Don't let anyone tell you sensible isn't sexy, because it is! This blog post could be an infomercial for Jockey cotton bikini brief underwear, but it's not. It's simply an admission that I am turning 39 in a matter of weeks, and am officially past the point of wearing lace dental floss between my ass cheeks and pretending I'm okay with that. Visible Panty Line ("VPL") be damned!
Underwear is like a car in that way. When you're 16, you care about driving or riding in a convertible or a Jeep or whatever. But by the time you're creeping up on 40 it's like, gimme the minivan or a Volvo station wagon. And Jockeys are the minivan of underwear.
My mom wears these, and so do I. Sure, my mom is 71 and is two sizes smaller than me (BITCH!!), but the woman is an M.D. and she is not fucking around with comfort. Yes she is a grandma, and really Jockey underwear are therefore granny panties, but I'm not a grandma, and still I love these.

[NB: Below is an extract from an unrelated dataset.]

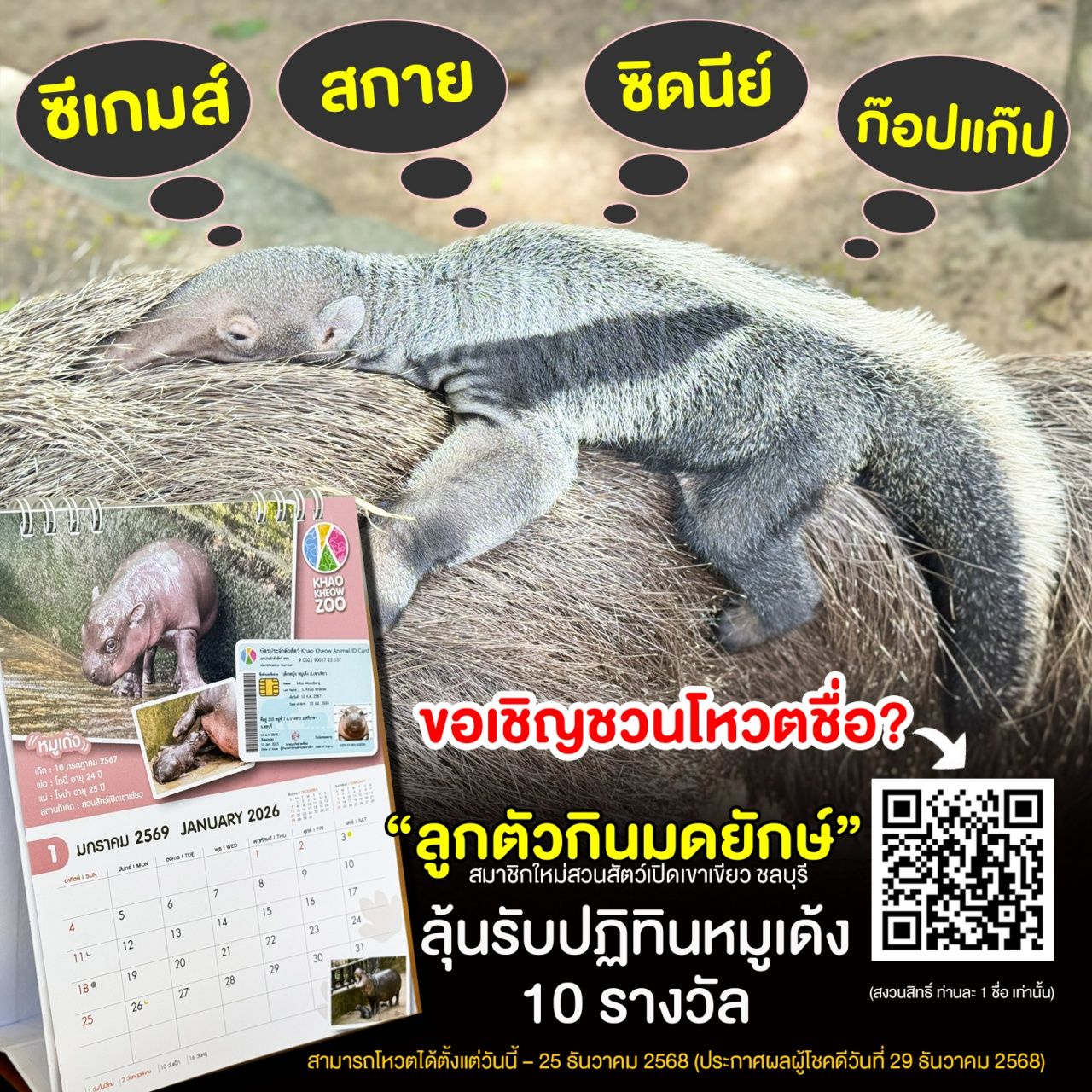 สวนสัตว์เปิดเขาเขียวจึงเชิญชวนนักเที่ยวและประชาชนทั่วไปเข้าร่วมกิจกรรมโหวตเลือกชื่อ “ลูกตัวกินมดยักษ์” คือ ซีเกมส์ สกาย ซิดนีย์ ก๊อปแก๊ป ลุ้นรับปฏิทินตั้งโต๊ะหมูเด้ง จำนวน 10 รางวัล โดยสามารถร่วมโหวตตั้งชื่อ “ลูกตัวกินมดยักษ์” ผ่านช่องทางลิงค์ https://forms.gle/9AKYpqc61P9kuVTc8 ได้ตั้งแต่วันนี้ - 25 ธันวาคม 2568 เวลา 16.30 น.

They're not hot, they're not sexy, they're not getting you laid or acting as the repository for dollah billz, and they almost look weird WITHOUT half a bush coming out both sides of the leg elastic.
But you're old AF, and you don't want to get laid by a man most days anyway. At most, you want to get laid by your vibrator and catch a few reruns of Friends. And you're making most of your bills in direct deposit, as opposed to having them directly deposited into your crotch on a stripper pole.
Jockey bikini briefs: the workhorse of underwear that tells the world--and ESPECIALLY the opposite sex--that you give fewer fucks than you ever have in your life.